首先看evdev的id_table:可以发现,它里面除了driver_info其他都是空的。即evdev的handler可以匹配所有的device
即空的flags:不用匹配flags
空的xxbit,不用匹配xxbit
static const struct input_device_id evdev_ids[] = {
{ .driver_info = 1 }, /* Matches all devices */
{ }, /* Terminating zero entry */
};
2.6、unregister
它和register的顺序刚好相反,就不详细分析了
/**
* input_unregister_device - unregister previously registered device
* @dev: device to be unregistered
*
* This function unregisters an input device. Once device is unregistered
* the caller should not try to access it as it may get freed at any moment.
*/
void input_unregister_device(struct input_dev *dev)
{
if (dev->devres_managed) {
WARN_ON(devres_destroy(dev->dev.parent,
devm_input_device_unregister,
devm_input_device_match,
dev));
__input_unregister_device(dev);
/*
* We do not do input_put_device() here because it will be done
* when 2nd devres fires up.
*/
} else {
__input_unregister_device(dev);
input_put_device(dev);
}
}
EXPORT_SYMBOL(input_unregister_device);
至此,和核心层中input子系统和device相关的已经分析完毕。
三、事件驱动层提供的接口函数
接下来我们分析handler部分
3.1、handler注册
drivers/input/input.c
/**
* input_register_handler - register a new input handler
* @handler: handler to be registered
*
* This function registers a new input handler (interface) for input
* devices in the system and attaches it to all input devices that
* are compatible with the handler.
*/
int input_register_handler(struct input_handler *handler)
{
struct input_dev *dev;
int retval;
retval = mutex_lock_interruptible(&input_mutex);
if (retval)
return retval;
INIT_LIST_HEAD(&handler->h_list); /* 初始化自身链表 */
if (handler->fops != NULL) {
if (input_table[handler->minor >> 5]) { /* 每种handler的minor以32的倍数为base ,这里是检查当前handler类是不是已经注册过了,比如evdev的base是64,那么他就在input_table[2]中*/
retval = -EBUSY;
goto out;
}
input_table[handler->minor >> 5] = handler; /* 上面检查没被注册过,测在这里注册进input_table中 */
}
list_add_tail(&handler->node, &input_handler_list); /* 把当前handler加入到input核心增维护的两条重要链表之一的handler链表中去 */
/* 用当前的handler遍历核心层维护的两条重要链表之一的dev链表,并尝试匹配 */
list_for_each_entry(dev, &input_dev_list, node)

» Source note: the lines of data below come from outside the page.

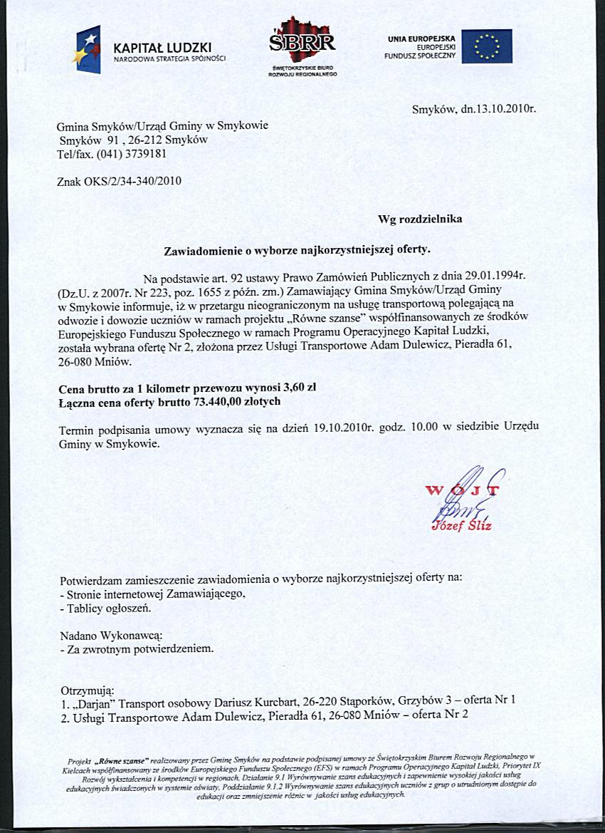Zawiadomienie o wyborze najkorzystniejszej oferty - dotyczy, - usługi transportowaejodwóz i dowóz uczniów na zajęcia w ramach projektu Akademia kompetencji kluczowych w gminie Smyków współfinansowanego ze środków Unii Europejskiej w ramach Europejskiego Funduszu Społecznego Program Operacyjny Kapitał Ludzki, Priorytet IX, Działanie 9.1, Poddziałanie 9.1.2. Wyrównywanie szans edukacyjnych uczniów z grup o utrudnionym dostępie do edukacji oraz zmniejszanie różnic w jakości usług edukacyjnych |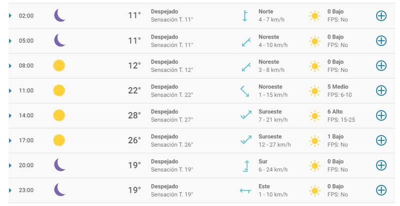 El día dará inicio con apenas 12° a eso de las 8:00 horas, pero ya a las 11:00 el cielo estará totalmente despejado y ya con 22 grados. La máxima se dejará sentir a las 14:00 horas con 28°, firmando lo que será una nueva ola de calor.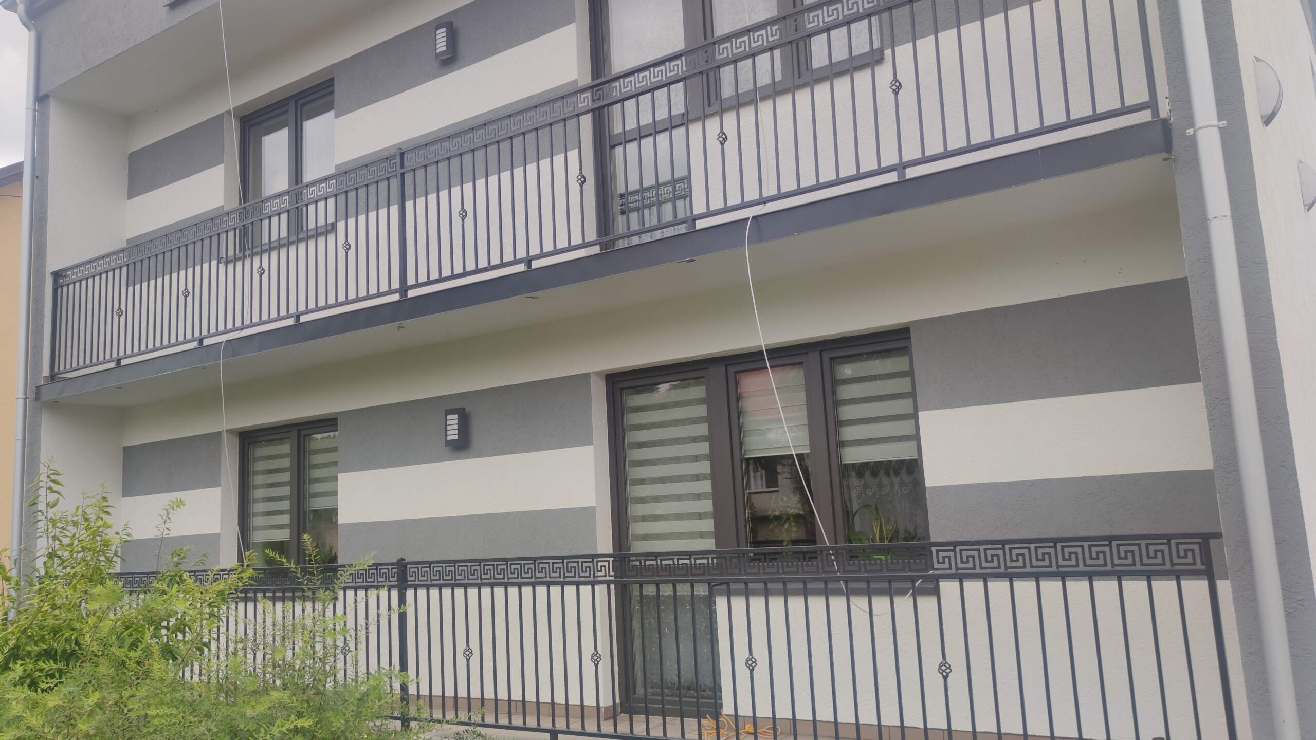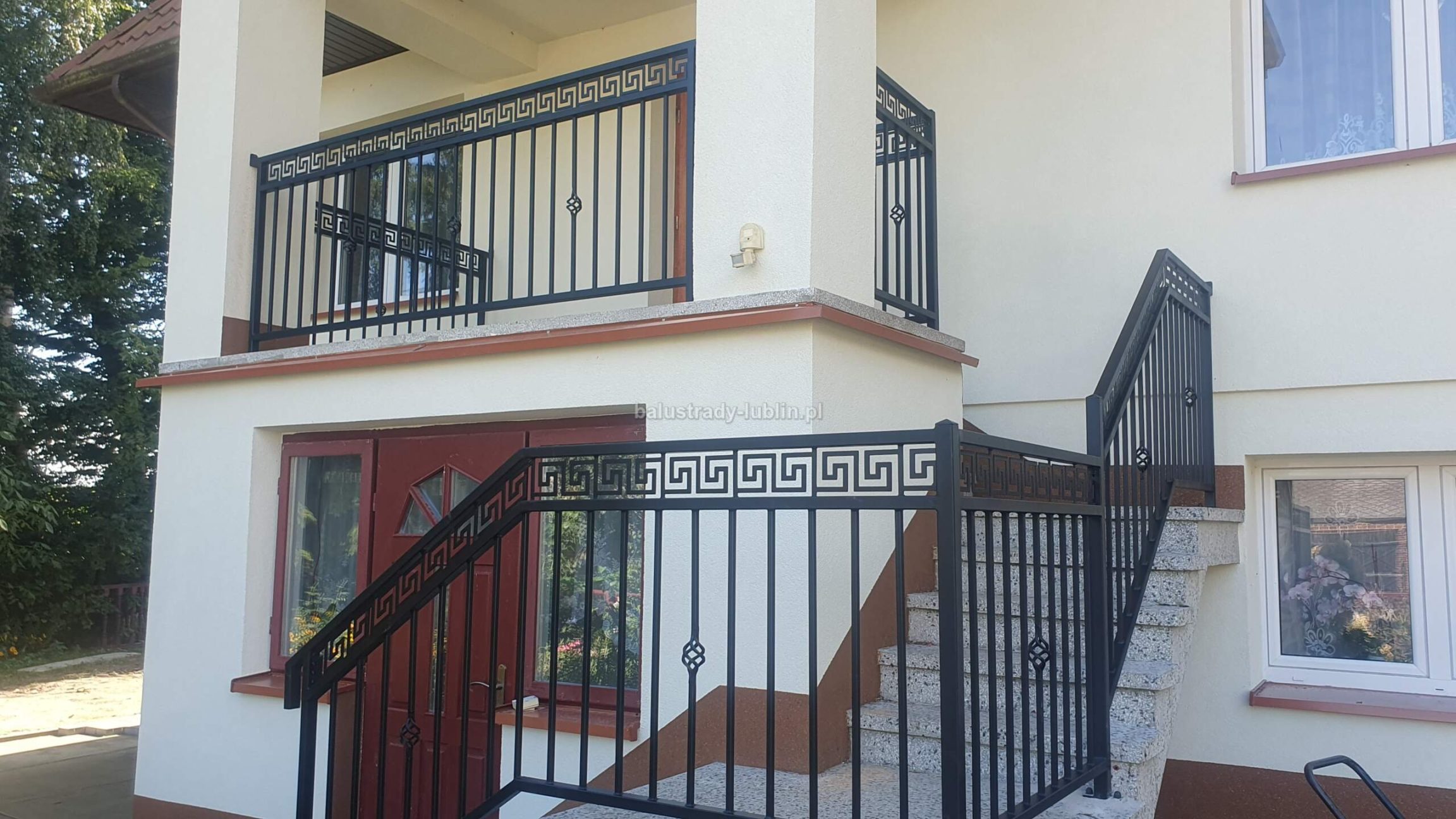 Charakterystyka balustrady: – Profile poziome 40x30x1,5 – Tralki profile pionowe 15x15x1,5 – Nogi profil zamknięty 40x40x2 – Wysokość balustrady 100cm – Elementy ozdobne wzór grecki

input_attach_handler(dev, handler);
input_wakeup_procfs_readers(); /* 更新proce文件系统 */
out:
mutex_unlock(&input_mutex);
return retval;
}
匹配算法和device那边的完全一样。
这里要说明的是为什么即在注册handler的时候匹配一遍,又要在注册device的时候匹配一次。

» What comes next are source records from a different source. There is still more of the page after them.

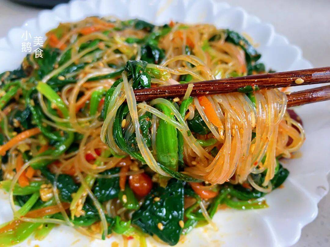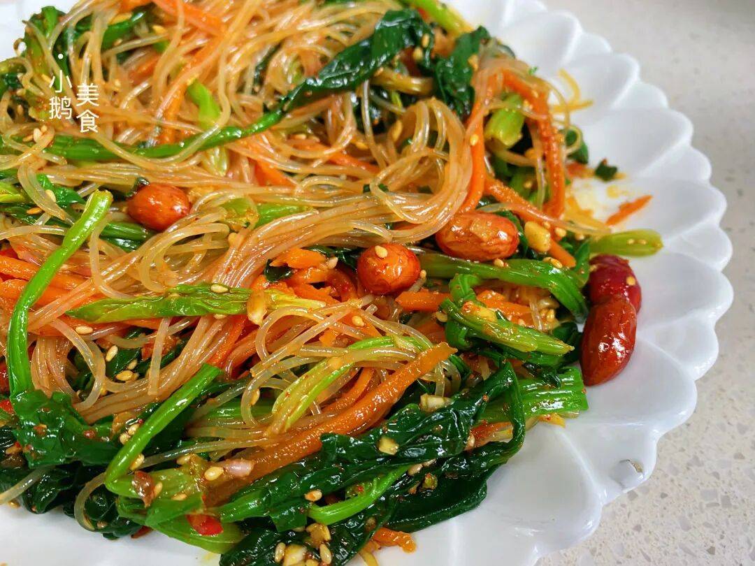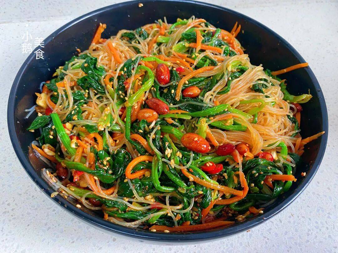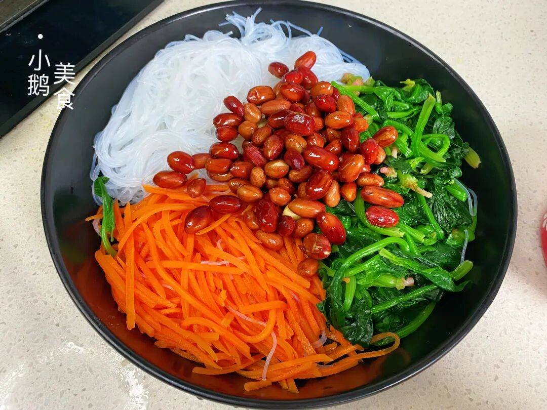 这样做的凉拌菠菜,一口下去,花生的脆、粉丝的滑、菠菜的嫩、胡萝卜的甜,四种口感在嘴里碰撞,清爽开胃不油腻,吃起来真的超过瘾。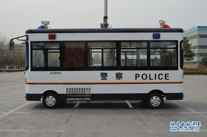 警用便民移動(dòng)警務(wù)室是鴻馬電動(dòng)汽車公司為了更好服務(wù)群眾,協(xié)助警務(wù)人員處置突發(fā)性事件現(xiàn)場(chǎng)指揮、掌控地區(qū)治安形勢(shì)、打擊違法犯罪活動(dòng)、進(jìn)行法制宣傳、安全防范知識(shí)宣傳的一款多功能電動(dòng)流動(dòng)警務(wù)室。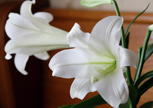 Indoors, Easter Lilies prefer to be in a spot with good bright light but not direct hot sun. The soil should be kept moist and the temperature, particularly at night, should be kept cool. If you allow the soil to dry out or the temperatures to get too high, the flowers won’t last as long as normal. The number of flower buds present when the plant is purchased determines lasting time in the home. Another thing that can be done to prolong the life of blooms is removal of the yellow tips (anthers) from the six stamens as soon as possible after the flower opens.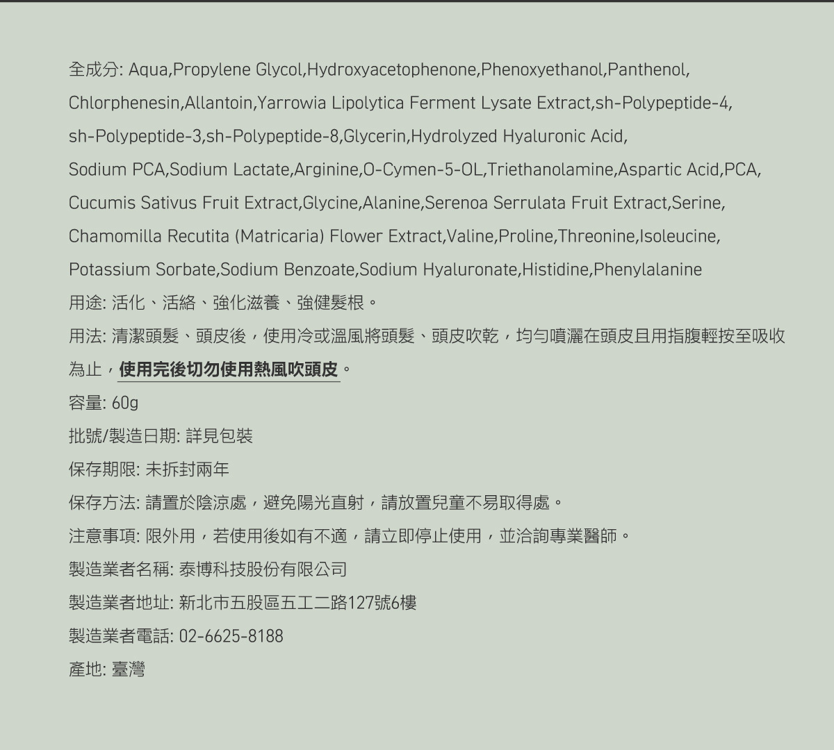 用法:清潔頭髮、頭皮後,使用冷或溫風將頭髮、頭皮吹乾,均勻噴灑在頭皮且用指腹輕按至吸收為止,使用完後切勿使用熱風吹頭皮。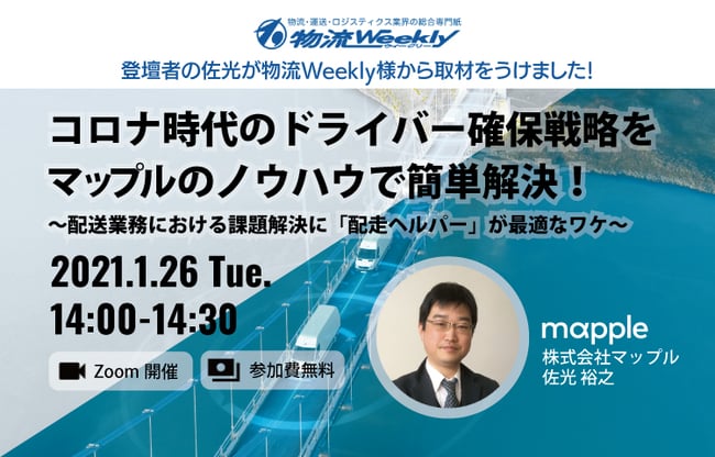 ※当ウェビナーでご紹介する「配走ヘルパー」が物流ウィークリーの取材を受けました。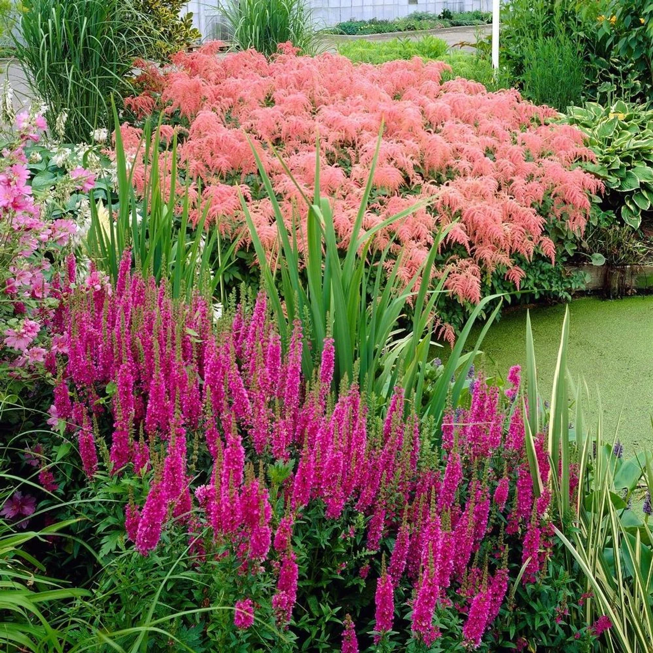 This popular variety’s gently weeping flower panicles and flamingo pink color make it easy to recognize. Straussenfeder is a well-mannered plant that grows just 18″ tall. Yet when in bloom, the flowers are double that height, rising to 3 feet tall. Bloom time is late spring to early summer.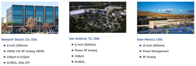 公司在美国(加利福尼亚州纽波特比奇和得克萨斯州圣安东尼奥)拥有两座晶圆厂(200毫米),并可使用英特尔新墨西哥工厂的300毫米产能走廊,主要生产CMOS、CIS、射频模拟、MEMS、电源等。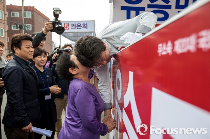 (대구=포커스뉴스) 무소속 대구 동구을 유승민 후보가 31일 오전 대구 동구 공항교에서 열린 선거운동 출정식에 참석해 지지자와 대화를 나누고 있다.
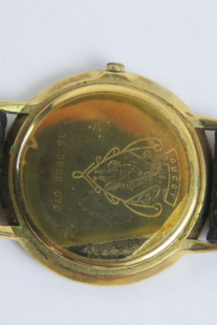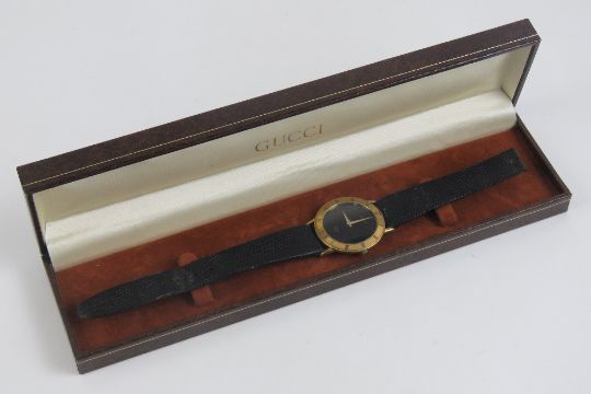 A Gucci wristwatch having yellow metal chapter ring with black dial, strap a/f, with box.

这是因为,通常系统不能确定是handler先注册,还是dev先注册。
假设只在注册dev的时候匹配handler(注册handler去掉匹配那几句代码 ),结果,devi先执行的,因为handler还没被注册,所以dev匹配失败。当注册handler的时候,因为没有了再次匹配,所以两者无法再接续到一块了。所以要在handler和dev注册都匹配一次,当然肯定是后面注册的才能匹配成。
3.2、handler解注册
drivers/input/input.c
/**
* input_unregister_handler - unregisters an input handler
* @handler: handler to be unregistered
*
* This function disconnects a handler from its input devices and
* removes it from lists of known handlers.
*/
void input_unregister_handler(struct input_handler *handler)
{
struct input_handle *handle, *next;
mutex_lock(&input_mutex);
list_for_each_entry_safe(handle, next, &handler->h_list, h_node)
handler->disconnect(handle);
WARN_ON(!list_empty(&handler->h_list));
list_del_init(&handler->node);
if (handler->fops != NULL)
input_table[handler->minor >> 5] = NULL;
input_wakeup_procfs_readers();
mutex_unlock(&input_mutex);
}
3.3、handle注册
还有一个注册函数就是handle的注册(与其说注册,其实就是把handler和dev的链表加入到handle的数据中)
drivers/input/input.c
/**
* input_register_handle - register a new input handle
* @handle: handle to register
*
* This function puts a new input handle onto device's
* and handler's lists so that events can flow through
* it once it is opened using input_open_device().
*
* This function is supposed to be called from handler's
* connect() method.
*/
int input_register_handle(struct input_handle *handle)
{
struct input_handler *handler = handle->handler;
struct input_dev *dev = handle->dev;
int error;
/*
* We take dev->mutex here to prevent race with
* input_release_device().
*/
error = mutex_lock_interruptible(&dev->mutex);
if (error)
return error;
/*
* Filters go to the head of the list, normal handlers
* to the tail.
*/
if (handler->filter)
list_add_rcu(&handle->d_node, &dev->h_list);
else
list_add_tail_rcu(&handle->d_node, &dev->h_list); /* 把dev加入到handle */
mutex_unlock(&dev->mutex);
/*
* Since we are supposed to be called from ->connect()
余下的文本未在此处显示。